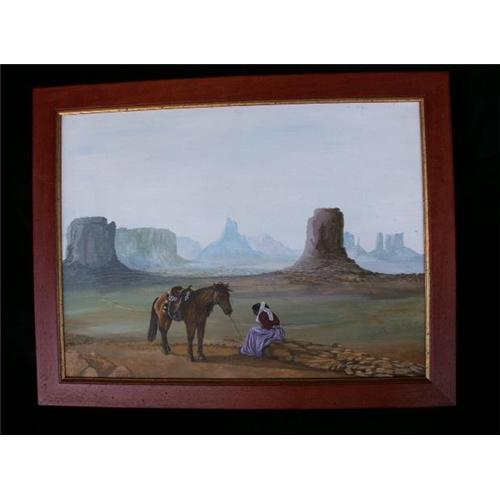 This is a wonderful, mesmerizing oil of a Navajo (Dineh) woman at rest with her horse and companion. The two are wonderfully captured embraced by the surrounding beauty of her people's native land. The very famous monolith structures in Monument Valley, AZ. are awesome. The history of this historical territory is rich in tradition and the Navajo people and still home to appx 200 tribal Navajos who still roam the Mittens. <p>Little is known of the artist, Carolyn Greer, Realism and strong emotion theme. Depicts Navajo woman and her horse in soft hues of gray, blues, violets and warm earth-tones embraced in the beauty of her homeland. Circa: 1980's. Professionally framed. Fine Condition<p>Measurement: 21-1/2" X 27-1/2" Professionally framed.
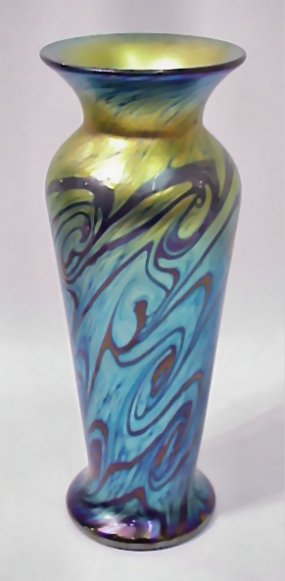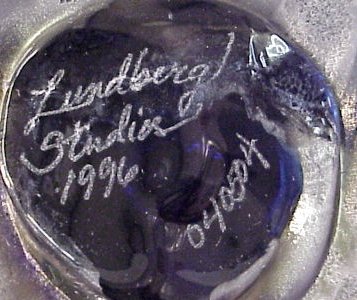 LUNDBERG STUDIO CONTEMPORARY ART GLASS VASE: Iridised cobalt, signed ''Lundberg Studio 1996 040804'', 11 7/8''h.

* * *

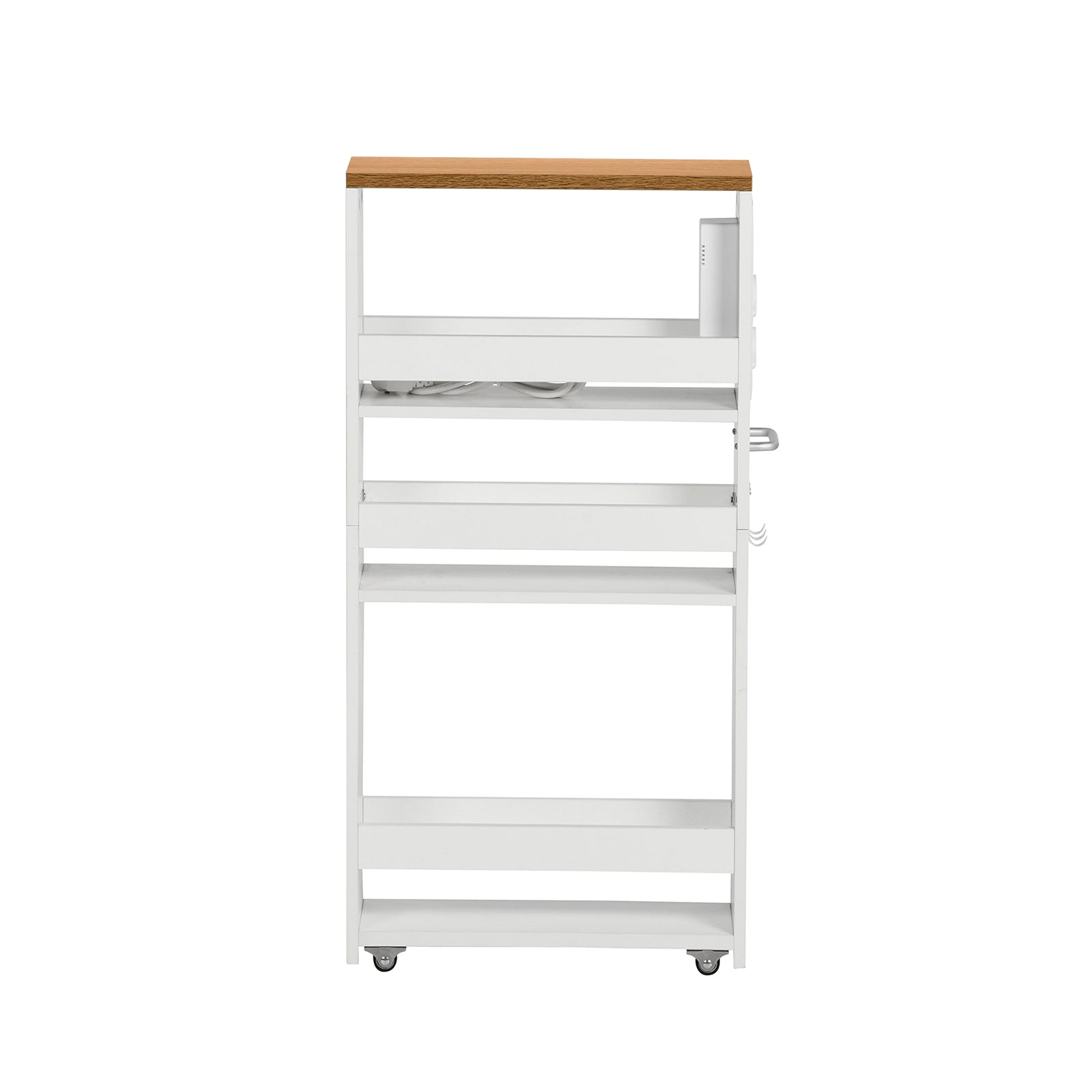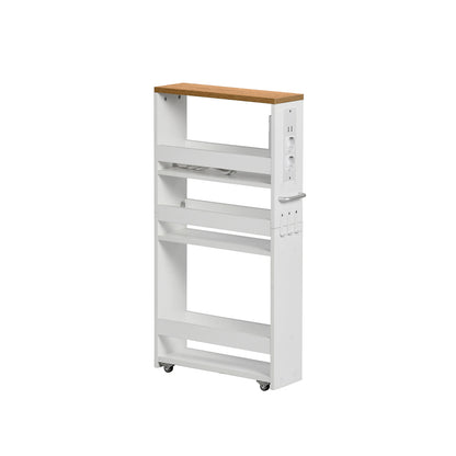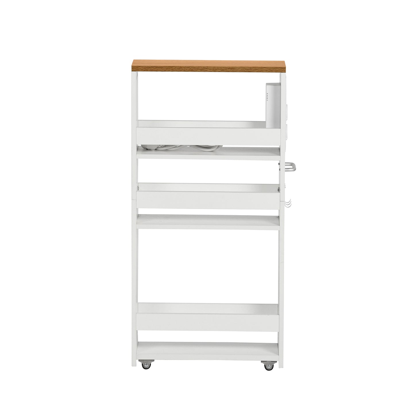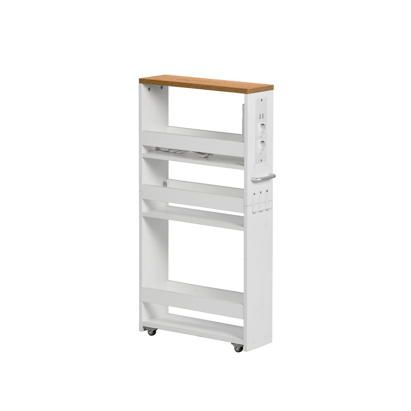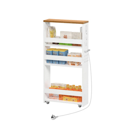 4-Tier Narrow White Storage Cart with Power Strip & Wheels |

» Work order:
From the line containing "This is a wonderful, mesmerizing" through the line containing "LUNDBERG STUDIO CONTEMPORARY", copy every line above exactly, without pictures.

» Solved problem:
 This is a wonderful, mesmerizing oil of a Navajo (Dineh) woman at rest with her horse and companion. The two are wonderfully captured embraced by the surrounding beauty of her people's native land. The very famous monolith structures in Monument Valley, AZ. are awesome. The history of this historical territory is rich in tradition and the Navajo people and still home to appx 200 tribal Navajos who still roam the Mittens. <p>Little is known of the artist, Carolyn Greer, Realism and strong emotion theme. Depicts Navajo woman and her horse in soft hues of gray, blues, violets and warm earth-tones embraced in the beauty of her homeland. Circa: 1980's. Professionally framed. Fine Condition<p>Measurement: 21-1/2" X 27-1/2" Professionally framed.
 LUNDBERG STUDIO CONTEMPORARY ART GLASS VASE: Iridised cobalt, signed ''Lundberg Studio 1996 040804'', 11 7/8''h.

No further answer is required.